Does the description disclose side effects, auth requirements, rate limits, or destructive behavior?

With no annotations provided, the description carries the full burden of behavioral disclosure. 'List all WhatsApp instances' implies a read-only operation, but it doesn't specify whether this requires authentication, returns paginated results, includes inactive instances, or has rate limits. For a tool with zero annotation coverage, this leaves significant gaps in understanding its behavior.

Agents need to know what a tool does to the world before calling it. Descriptions should go beyond structured annotations to explain consequences.

Conciseness5/5

Is the description appropriately sized, front-loaded, and free of redundancy?

The description is a single, efficient sentence with zero wasted words. It is front-loaded with the core action ('List all WhatsApp instances'), making it easy to parse. Every word earns its place by conveying essential information without redundancy.

Shorter descriptions cost fewer tokens and are easier for agents to parse.
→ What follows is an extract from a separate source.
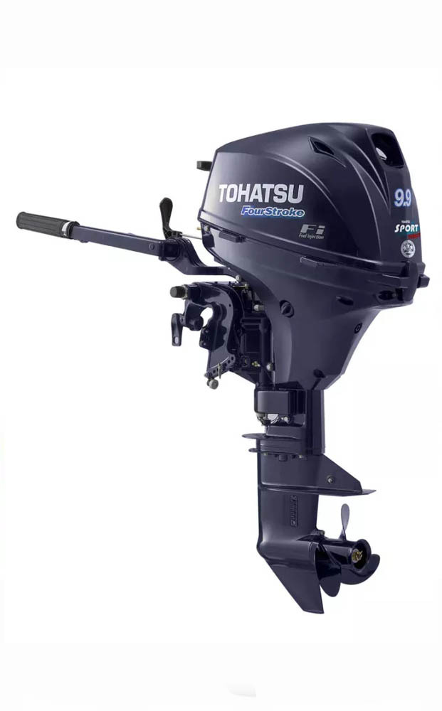 Tohatsu MFS 9.9 ES - четырёхтактный двухцилиндровый мотор мощностью 9,9 л.с. с румпельным управлением; тремя передачами нейтраль-вперёд-назад; цифровой системой зажигания (CD); ручным переводом в мелководный режим; внешним бензобаком на 12 л; рассчитанный на стандартную высоту транца 381 мм.

Every sentence should earn its place.

Completeness3/5

Given the tool's complexity, does the description cover enough for an agent to succeed on first attempt?

Given the tool's simplicity (0 parameters, no output schema, no annotations), the description is minimally adequate. It states what the tool does but lacks context about behavior, output format, or usage scenarios. For a listing tool with no structured metadata, more detail on return values or constraints would improve completeness.

Complex tools with many parameters or behaviors need more documentation. Simple tools need less. This dimension scales expectations accordingly.

Parameters4/5

Does the description clarify parameter syntax, constraints, interactions, or defaults beyond what the schema provides?

The tool has 0 parameters, and schema description coverage is 100%, so there are no parameters to document. The description doesn't need to add parameter semantics, and it correctly doesn't mention any. A baseline of 4 is appropriate for a parameterless tool with complete schema coverage.

Input schemas describe structure but not intent. Descriptions should explain non-obvious parameter relationships and valid value ranges.

Purpose4/5

Does the description clearly state what the tool does and how it differs from similar tools?

The description 'List all WhatsApp instances' clearly states the verb ('List') and resource ('WhatsApp instances'), making the tool's purpose immediately understandable. It distinguishes from siblings like 'instance_status' (which checks status) or 'create_instance' (which creates). However, it doesn't specify scope or filtering details that might differentiate it from similar listing tools.

Agents choose between tools based on descriptions. A clear purpose with a specific verb and resource helps agents select the right tool.

Usage Guidelines2/5

Does the description explain when to use this tool, when not to, or what alternatives exist?

The description provides no guidance on when to use this tool versus alternatives. It doesn't mention prerequisites (e.g., needing an active connection), exclusions (e.g., not for filtered lists), or comparisons to siblings like 'get_chats' or 'list_contacts'. The agent must infer usage from the tool name alone.

Agents often have multiple tools that could apply. Explicit usage guidance like "use X instead of Y when Z" prevents misuse.